Bailing out: How lapsing bills and political bickering have T&T living in jail

It is generally known, but only reluctantly acknowledged, that our institutions are failing us. The reasons why this failure is not the subject of broad based civic and political action have been set out in my columns many times.

Photo: The Joint Trade Union Movement protests against Section 34 during the People's Partnership Government's administration.
Photo: The Joint Trade Union Movement protests against Section 34 during the People’s Partnership Government’s administration.

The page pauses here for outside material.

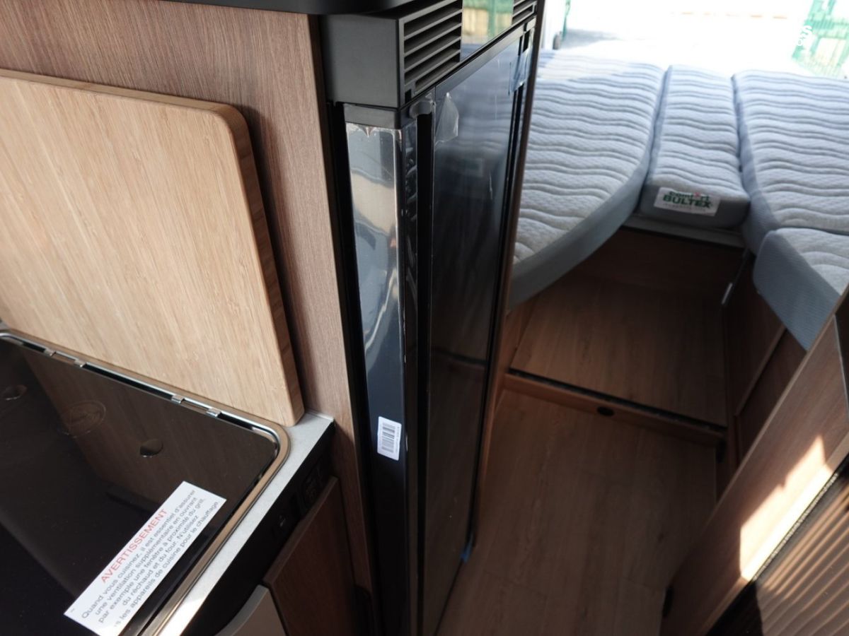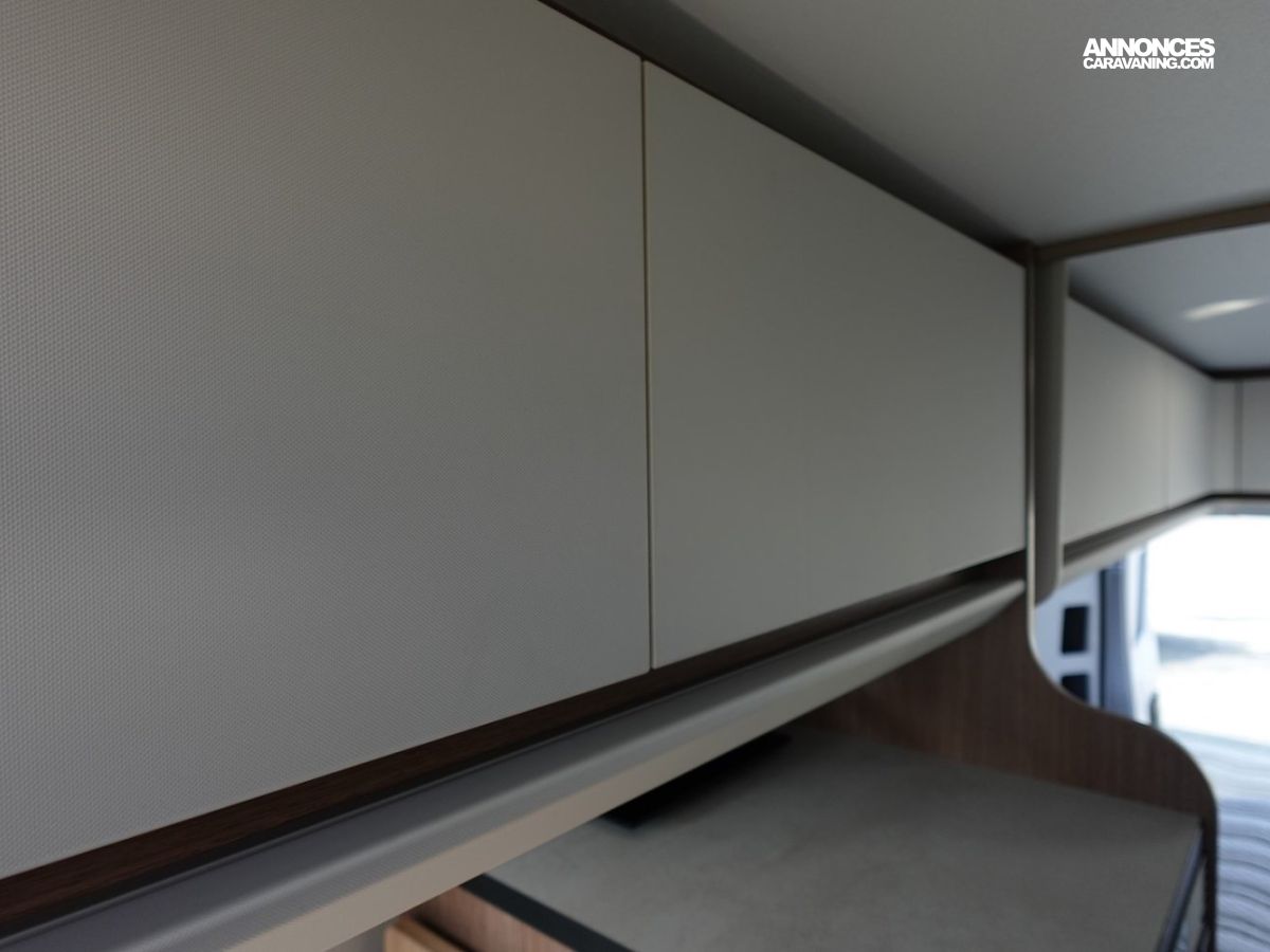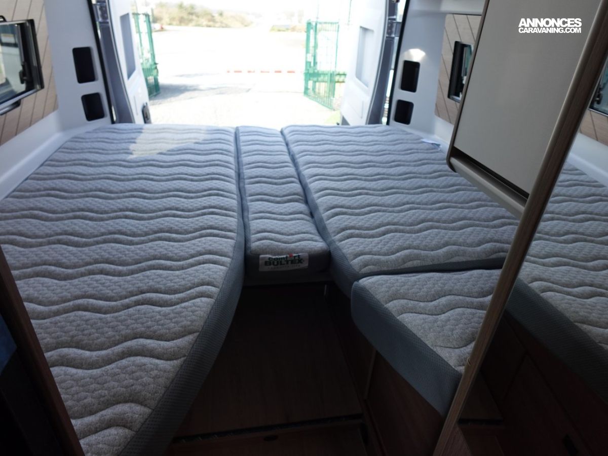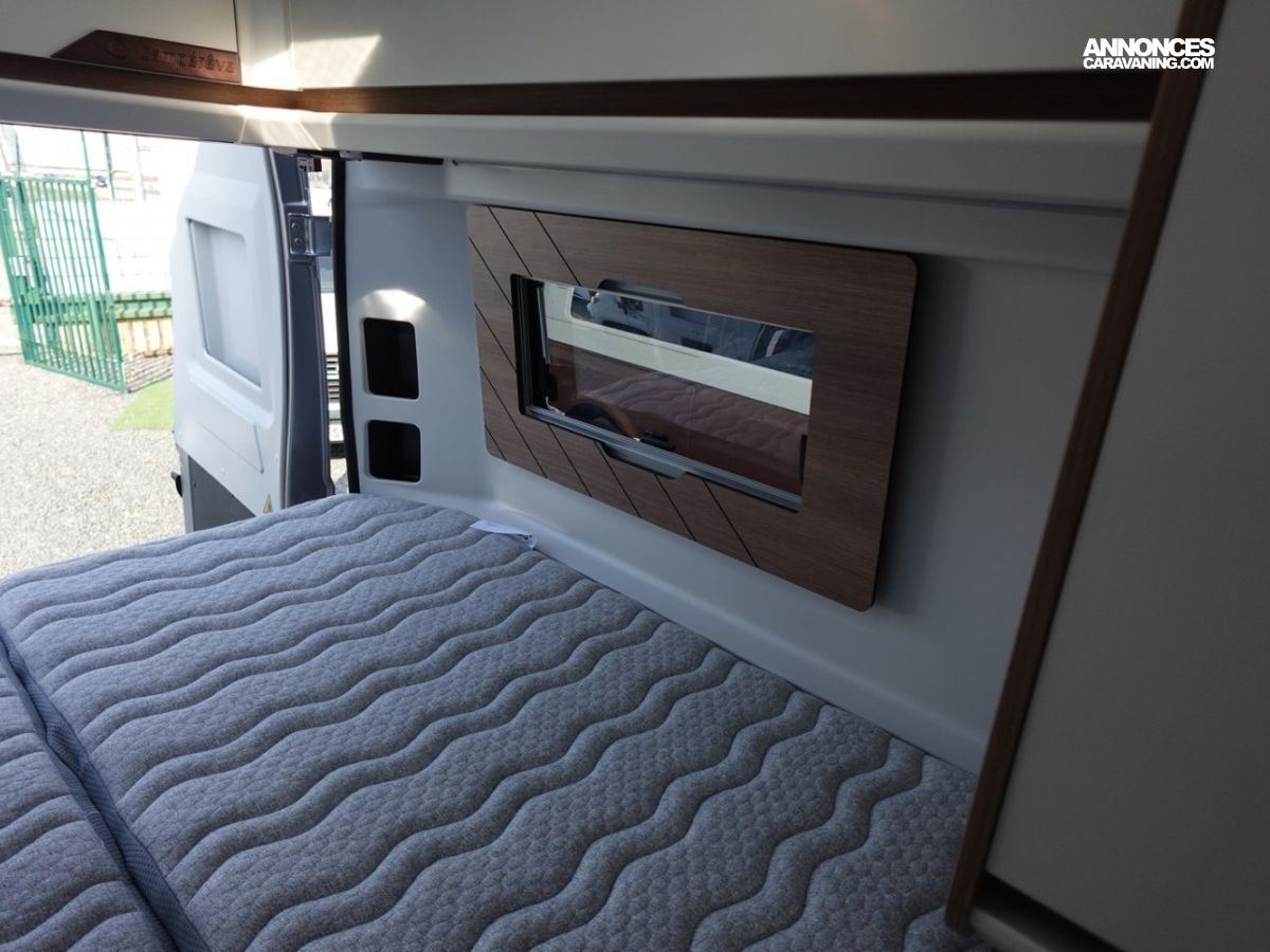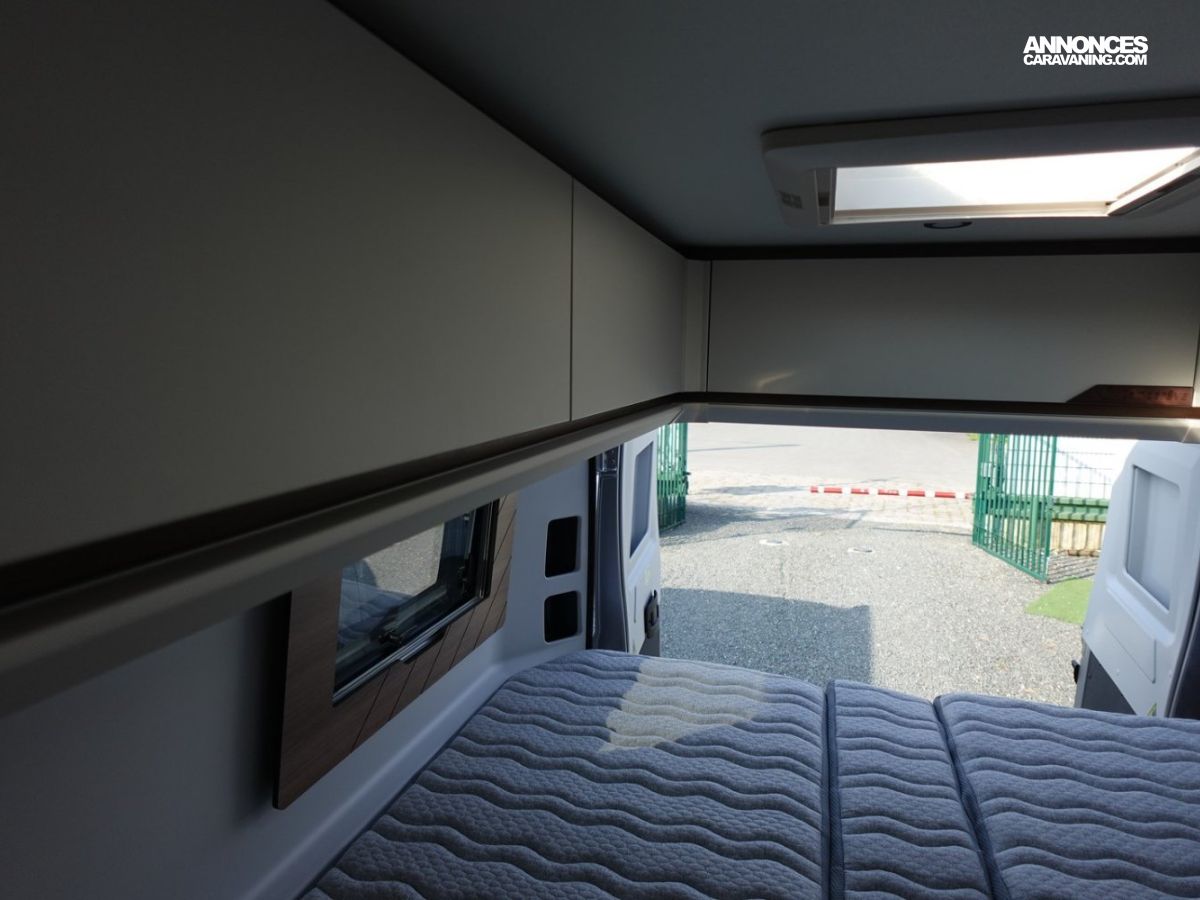 Magnifique fourgon aménagé comprenant un salon avant panoramique, un grand réfrigérateur, une salle d’eau DUO’SPACE avec paroi pivotante et des lits jumeaux.

Currently the Parliament has contributed to a massive national security failure. The anti-gang legislation has expired.  It did so at midnight on 23 May 2016. The Bail Amendment Act will also soon expire, this one on 15 August.

Both these pieces of legislation, passed by special majorities, cut deep into the constitutional protection against deprivation of liberty without due process of law. For this reason, both pieces of legislation contain so-called “sunset clauses”, meaning that they have expiry dates.

The purpose of these sunset clauses is to ensure that deprivation of liberty without due process is a temporary measure to be kept under review.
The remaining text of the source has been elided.